Task prompt:
Please return exactly the lines from the top of the data through the line that contains "Ежедневник с гибкой", and skip all pictures.

Records excerpted from a collection:
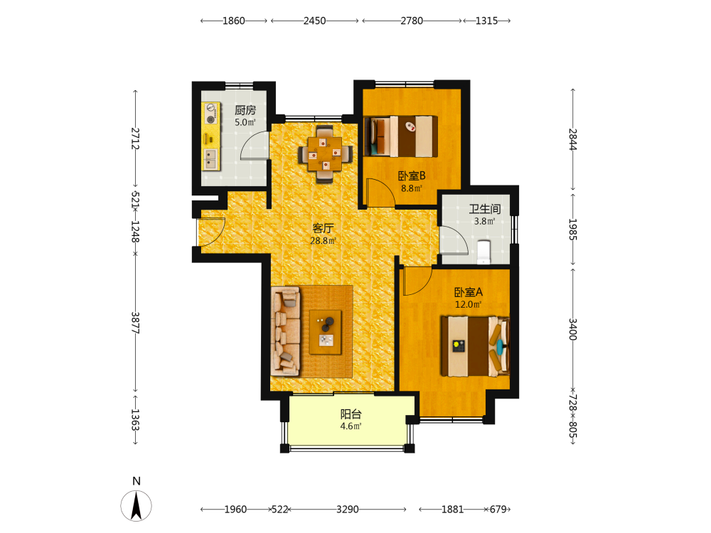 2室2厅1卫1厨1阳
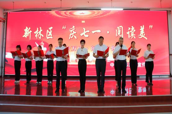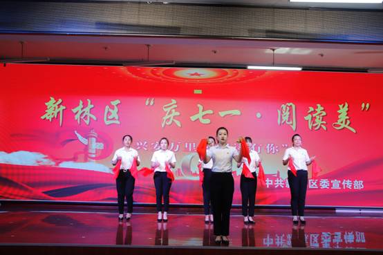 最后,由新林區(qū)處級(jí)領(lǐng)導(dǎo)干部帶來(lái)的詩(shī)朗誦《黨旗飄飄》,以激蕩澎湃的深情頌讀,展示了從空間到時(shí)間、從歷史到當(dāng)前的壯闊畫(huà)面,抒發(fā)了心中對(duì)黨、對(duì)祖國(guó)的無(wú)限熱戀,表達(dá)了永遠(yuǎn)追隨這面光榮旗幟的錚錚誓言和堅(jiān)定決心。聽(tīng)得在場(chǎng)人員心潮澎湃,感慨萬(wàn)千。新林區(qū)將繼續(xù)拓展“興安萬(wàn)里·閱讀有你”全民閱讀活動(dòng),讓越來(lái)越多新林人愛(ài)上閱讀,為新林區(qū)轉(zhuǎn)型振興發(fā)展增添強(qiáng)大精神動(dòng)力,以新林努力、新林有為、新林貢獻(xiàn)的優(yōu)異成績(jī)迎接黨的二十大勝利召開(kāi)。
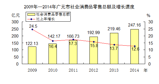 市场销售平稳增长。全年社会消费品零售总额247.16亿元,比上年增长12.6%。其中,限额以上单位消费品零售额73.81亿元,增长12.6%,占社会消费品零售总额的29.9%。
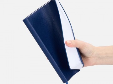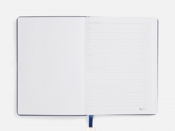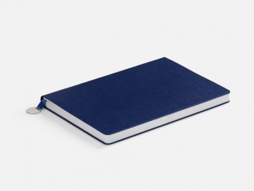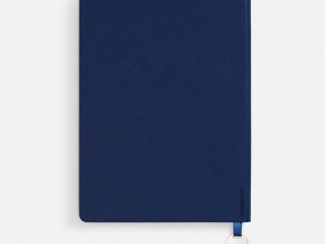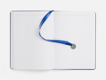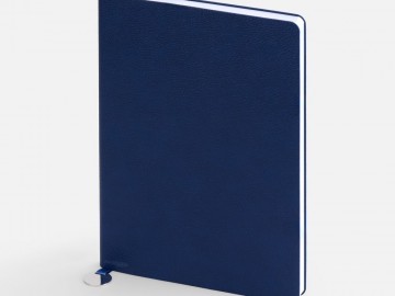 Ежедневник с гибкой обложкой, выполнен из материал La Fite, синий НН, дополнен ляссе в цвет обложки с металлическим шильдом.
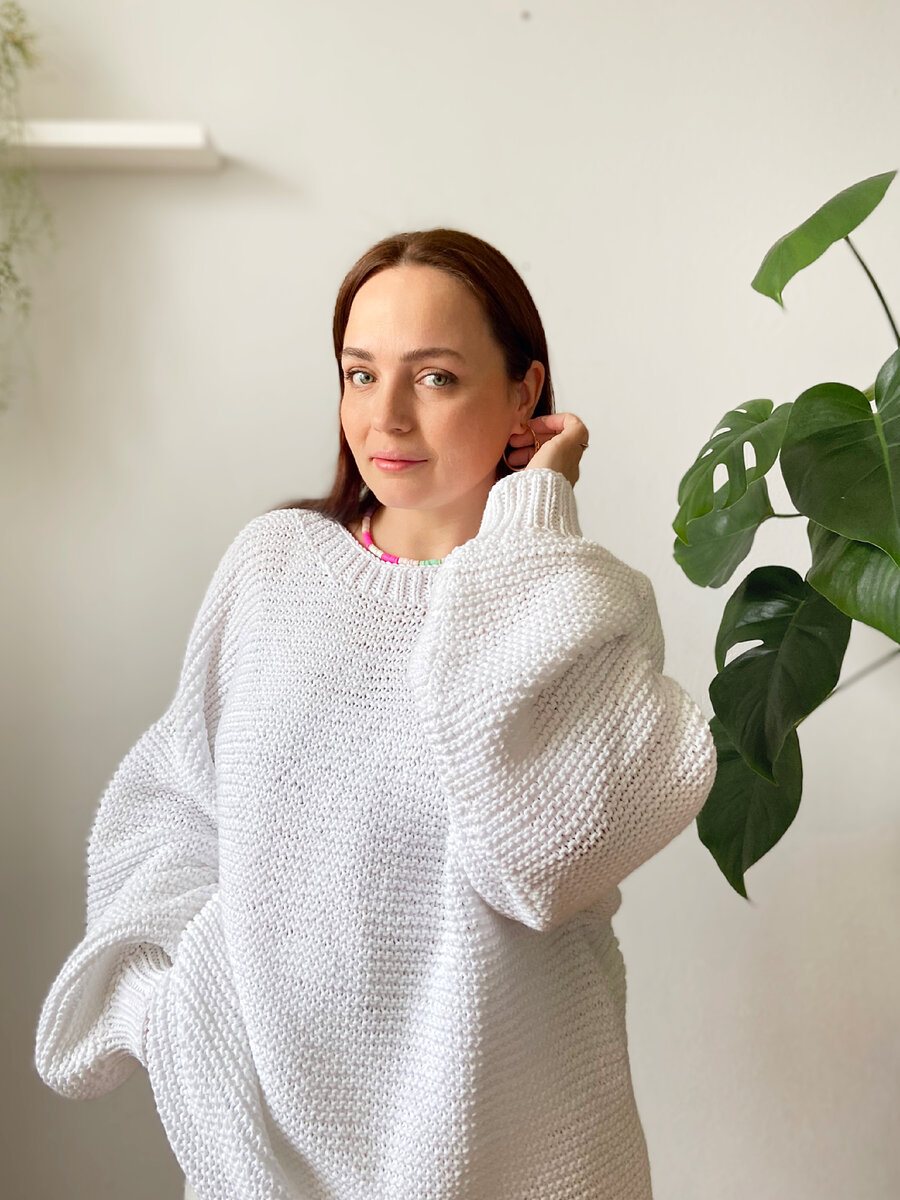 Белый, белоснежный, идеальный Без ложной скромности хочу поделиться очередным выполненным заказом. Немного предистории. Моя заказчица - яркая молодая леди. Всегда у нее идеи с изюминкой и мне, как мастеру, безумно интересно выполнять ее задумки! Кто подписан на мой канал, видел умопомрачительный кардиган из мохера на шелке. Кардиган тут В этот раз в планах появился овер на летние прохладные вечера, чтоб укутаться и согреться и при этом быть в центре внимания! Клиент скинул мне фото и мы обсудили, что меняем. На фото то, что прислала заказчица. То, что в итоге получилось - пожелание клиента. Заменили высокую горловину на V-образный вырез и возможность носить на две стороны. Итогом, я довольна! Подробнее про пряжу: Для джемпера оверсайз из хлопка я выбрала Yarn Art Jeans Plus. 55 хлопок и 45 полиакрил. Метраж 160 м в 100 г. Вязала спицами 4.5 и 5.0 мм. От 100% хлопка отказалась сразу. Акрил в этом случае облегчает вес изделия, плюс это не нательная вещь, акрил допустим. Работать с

Answer to this task:
 2室2厅1卫1厨1阳
 最后,由新林區(qū)處級(jí)領(lǐng)導(dǎo)干部帶來(lái)的詩(shī)朗誦《黨旗飄飄》,以激蕩澎湃的深情頌讀,展示了從空間到時(shí)間、從歷史到當(dāng)前的壯闊畫(huà)面,抒發(fā)了心中對(duì)黨、對(duì)祖國(guó)的無(wú)限熱戀,表達(dá)了永遠(yuǎn)追隨這面光榮旗幟的錚錚誓言和堅(jiān)定決心。聽(tīng)得在場(chǎng)人員心潮澎湃,感慨萬(wàn)千。新林區(qū)將繼續(xù)拓展“興安萬(wàn)里·閱讀有你”全民閱讀活動(dòng),讓越來(lái)越多新林人愛(ài)上閱讀,為新林區(qū)轉(zhuǎn)型振興發(fā)展增添強(qiáng)大精神動(dòng)力,以新林努力、新林有為、新林貢獻(xiàn)的優(yōu)異成績(jī)迎接黨的二十大勝利召開(kāi)。
 市场销售平稳增长。全年社会消费品零售总额247.16亿元,比上年增长12.6%。其中,限额以上单位消费品零售额73.81亿元,增长12.6%,占社会消费品零售总额的29.9%。
 Ежедневник с гибкой обложкой, выполнен из материал La Fite, синий НН, дополнен ляссе в цвет обложки с металлическим шильдом.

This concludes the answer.